Table 8 presents the Toth isotherm constants obtained through non-linear regression for C_H2SO4_1.5_800, C_H2SO4_1.5_750, C_H2SO4_1.5_700, and C_H2SO4_1_750, employing different error functions. The derived values of qmT, bT and nT for each material show a degree of similarity. However, it is important to note that the associated error magnitudes are the highest, with SNE values ranging from 3.8325 to4.7586. This finding suggests that the Toth isotherm model is the least suitable for accurately describing carbon dioxide adsorption on carbons activated by H2SO4. The analysis of SNE indicates that the parameter sets yielding the most favorable overall Toth fit are based on the HYBRID.

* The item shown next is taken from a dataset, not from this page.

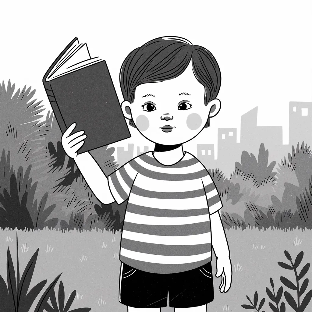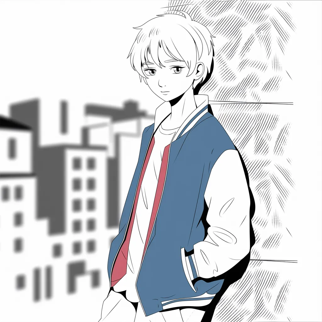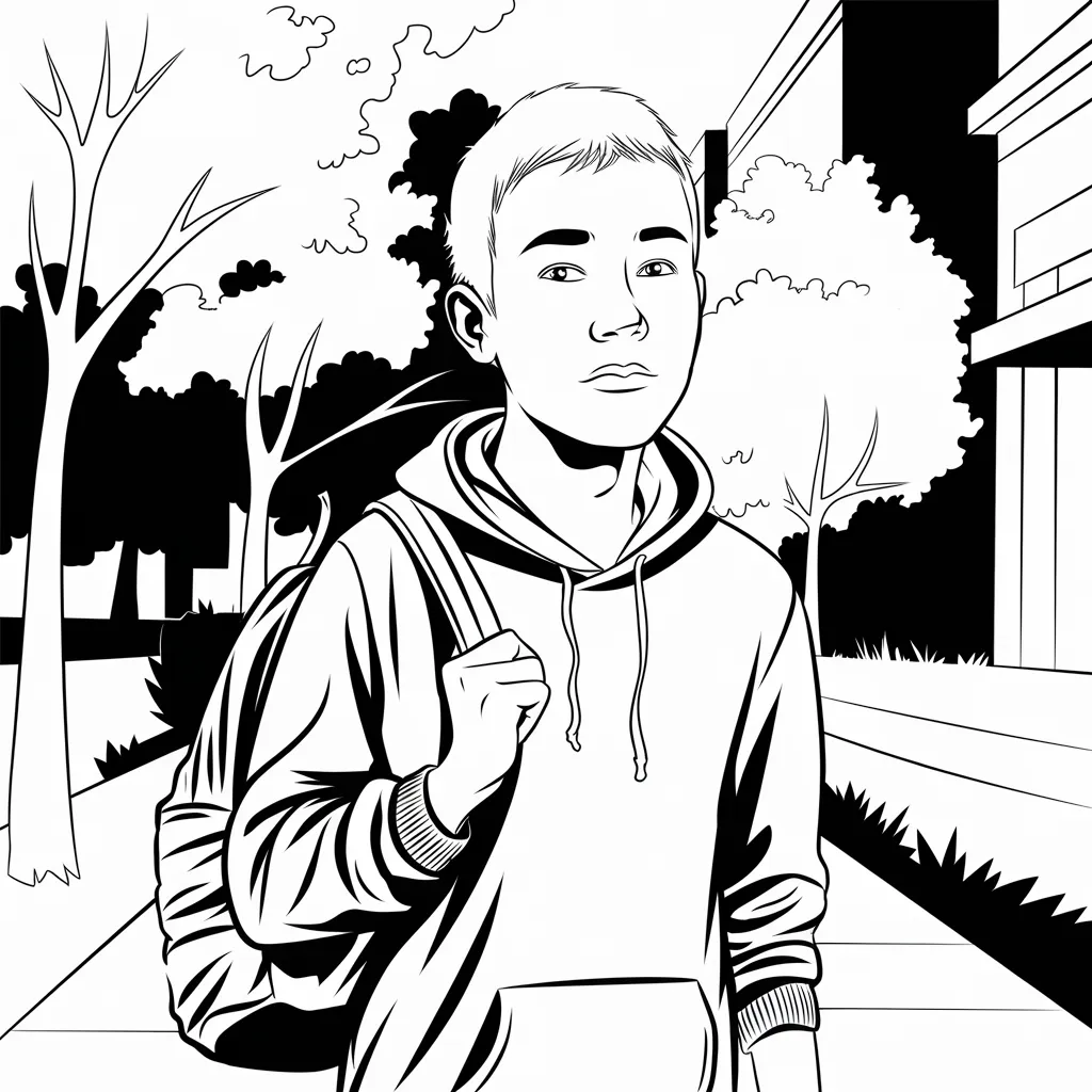 Ilustrasi remaja laki-laki dengan ransel di satu bahu, berjalan perlahan di trotoar, ekspresi wajah datar tapi karismatik.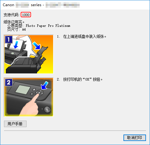 如果打印时发生错误(例如,纸张用完或卡纸),会自动显示故障排除信息。 采取信息中描述的适当措施。

Table 9 presents the Radke–Prausnitz isotherm constants obtained through non-linear regression for activated carbons produced from avocado stones activated by H2SO4, utilizing different error functions. Each material exhibits a noticeable degree of similarity in the determined values of constants qmRP, bRP and nRP. However, it is pertinent to acknowledge that the associated error magnitudes are relatively low, with SNE values ranging from 3.1571 to 4.2494. These findings collectively indicate that the Radke–Prausnitz isotherm model does not serve as an optimal representation for accurately describing carbon dioxide adsorption on carbons activated by H2SO4. The observed high SNE values suggest that the model does not adequately capture the complexity of the adsorption process under investigation. In light of the SNE analysis, it becomes evident that the parameter sets leading to the most favorable overall Radke–Prausnitz fit are those based on the ARE.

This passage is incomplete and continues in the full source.